Overview
Alchemy is seeking a Senior Site Reliability Engineer to join our platform reliability team. You will design, build, and operate scalable, highly available services powering Alchemy's products. You will own incident response, monitoring, and reliability improvements across distributed cloud-based services.
Responsibilities
- Design, implement, and maintain scalable infrastructure and CI/CD pipelines.
- Own on-call rotations and lead incident response and post-incident reviews.
- Build and maintain observability stack using Prometheus, Grafana, and related tooling.
- Drive reliability improvements with infrastructure as code (Terraform, Kubernetes).
- Collaborate with software engineers to define SLOs/SLIs and perform capacity planning.
- Document runbooks and maintain robust incident playbooks.
Requirements
- 5+ years of Site Reliability Engineering, DevOps, or equivalent experience.
- Strong Linux system administration and networking fundamentals.
- Hands-on experience with cloud providers (AWS, GCP, Azure).
- Proficiency with Kubernetes and container orchestration.
- Experience with Prometheus, Grafana, and monitoring/observability tooling.
- Infrastructure as Code experience (Terraform, CloudFormation).

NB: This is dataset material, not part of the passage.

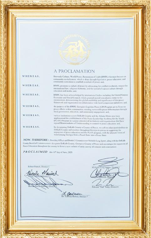 On June 10, 2025, the DeKalb County Board of Commissioners in Georgia, USA, officially designated DeKalb County as a “County of Peace” in support of HWPL Georgia’s peace initiatives. Furthermore, the county encouraged the expansion of peace education throughout all communities to foster a new culture of unity among citizens and neighborhoods. The resolution was unanimously adopted by all members of the DeKalb County Board of Commissioners present at the meeting.

- Proficiency in at least one language (Go, Python, or similar).
- Excellent communication and collaboration skills.
Nice-to-have
- Experience with Chaos Engineering, SRE practices, and incident management tooling.
- Security-conscious design and compliance considerations.
Benefits
Competitive compensation and stock options, comprehensive health insurance, retirement plan, flexible work arrangements, generous PTO, and opportunities for professional growth at Alchemy.